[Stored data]
============================================================

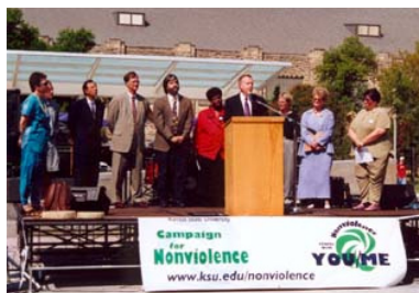
Inaugural CNV Rally, 2001

* Nonviolence Studies Certificate Program – This 15-hour certificate program is a major new academic initiative open to all UG majors through the K-State College of Arts & Sciences. See: http://www.k-state.edu/nonviolence/
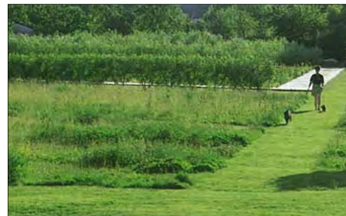
PUBLIC ACCESS WILL BE PERMITTED ACROSS THE MARSHES WITH FOOTPATHS ALONG THE HEDGEROW AND DRAINAGE DITCH FIELD BOUNDARIES
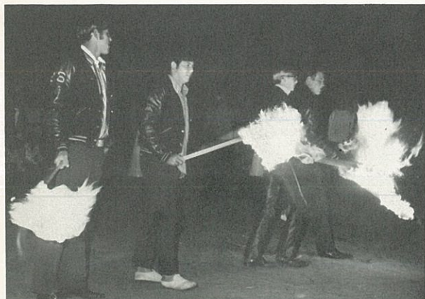
When they're hot, they're hot.
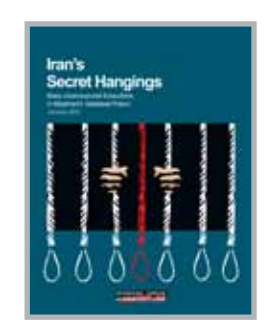
Iran's Secret Hangings: Mass Unannounced Executions in Mashhad's Vakilabad Prison
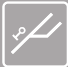
Editing the digital twin

============================================================

● **Assignment**:
Extract the run of lines beginning with the line that holds "When they're hot, they're hot." and ending at the last line of the data, inclusive. Exclude any pictures from the copy.

● **Reply to the task**:
When they're hot, they're hot.
Iran's Secret Hangings: Mass Unannounced Executions in Mashhad's Vakilabad Prison
Editing the digital twin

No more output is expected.